__AVAILABLE DATA__.
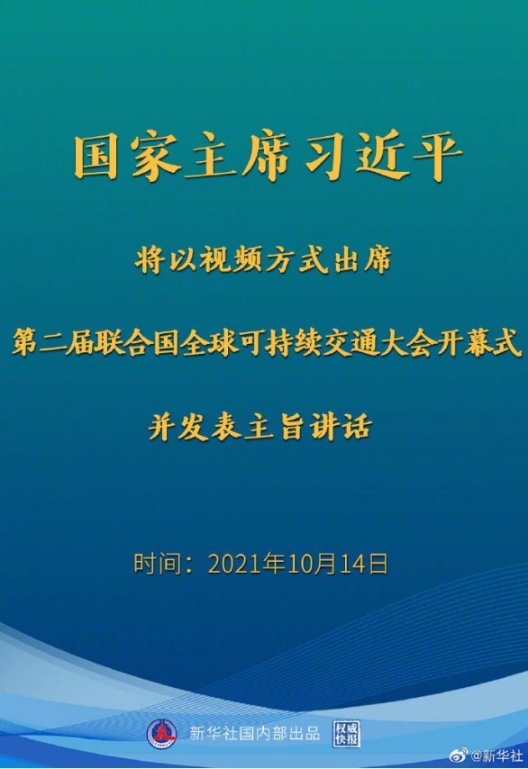 新華社北京10月13日電 外交部發(fā)言人華春瑩13日宣布:國家主席習(xí)近平將于10月14日以視頻方式出席第二屆聯(lián)合國全球可持續(xù)交通大會開幕式并發(fā)表主旨講話。
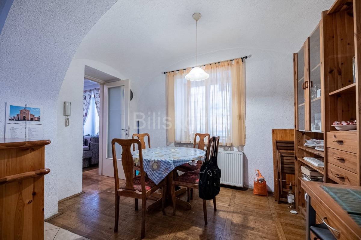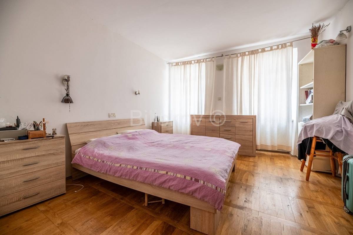 Prekrasan trosoban građanski stan podne površine 93,30 m2 u prizemlju stambene zgrade koja je građena krajem 1900 godine. U papirima je stan površine 82,61 m2. Zgrada nema dizalo. Stan se sastoji od ulaznog prostora, dvije spavaće sobe, dnevnog boravka (ima kamin), kuhinje sa blagovaonicom, kupaonice sa wc-om, WC-a. Stanu neodvojivo pripada ostava u prizemlju od 0,91 m2 te spremište na tavanu od 8,38 m2. Zadnja adaptacija je izvedena 2005 godine.
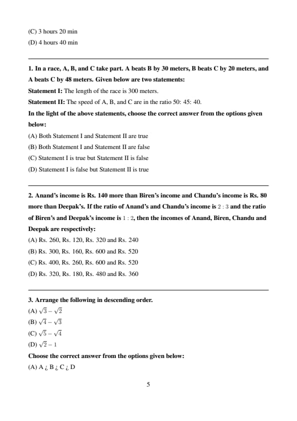 Thus, the correct order is \( A > B > D > C \). Quick Tip: When comparing large exponential expressions, focus on the magnitude of the exponents to determine the relative sizes.
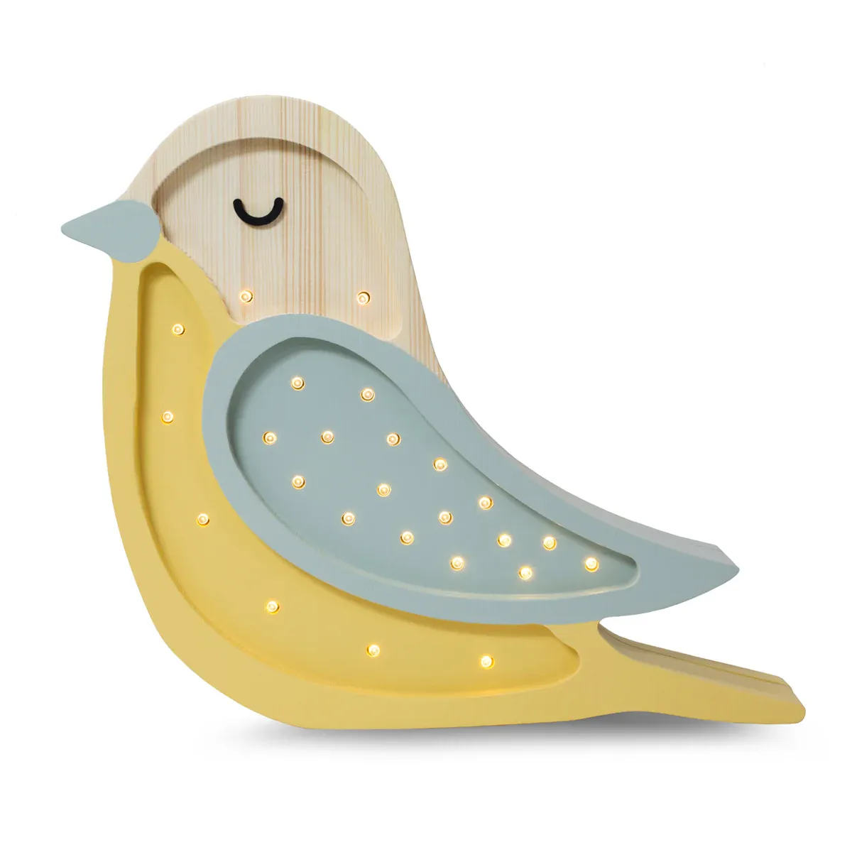 La opción de luz más fuerte de la lámpara Pajarito Mostaza es ideal para los momentos de lectura de los pequeños, mientras la más tenue es perfecta como luz de noche, proporcionando un ambiente relajado para la hora de dormir.

__WHAT TO PRODUCE__. A faithful transcription of the material, with no pictures, is the expected result.

__EXERCISE ANSWER__.
 新華社北京10月13日電 外交部發(fā)言人華春瑩13日宣布:國家主席習(xí)近平將于10月14日以視頻方式出席第二屆聯(lián)合國全球可持續(xù)交通大會開幕式并發(fā)表主旨講話。
 Prekrasan trosoban građanski stan podne površine 93,30 m2 u prizemlju stambene zgrade koja je građena krajem 1900 godine. U papirima je stan površine 82,61 m2. Zgrada nema dizalo. Stan se sastoji od ulaznog prostora, dvije spavaće sobe, dnevnog boravka (ima kamin), kuhinje sa blagovaonicom, kupaonice sa wc-om, WC-a. Stanu neodvojivo pripada ostava u prizemlju od 0,91 m2 te spremište na tavanu od 8,38 m2. Zadnja adaptacija je izvedena 2005 godine.
 Thus, the correct order is \( A > B > D > C \). Quick Tip: When comparing large exponential expressions, focus on the magnitude of the exponents to determine the relative sizes.
 La opción de luz más fuerte de la lámpara Pajarito Mostaza es ideal para los momentos de lectura de los pequeños, mientras la más tenue es perfecta como luz de noche, proporcionando un ambiente relajado para la hora de dormir.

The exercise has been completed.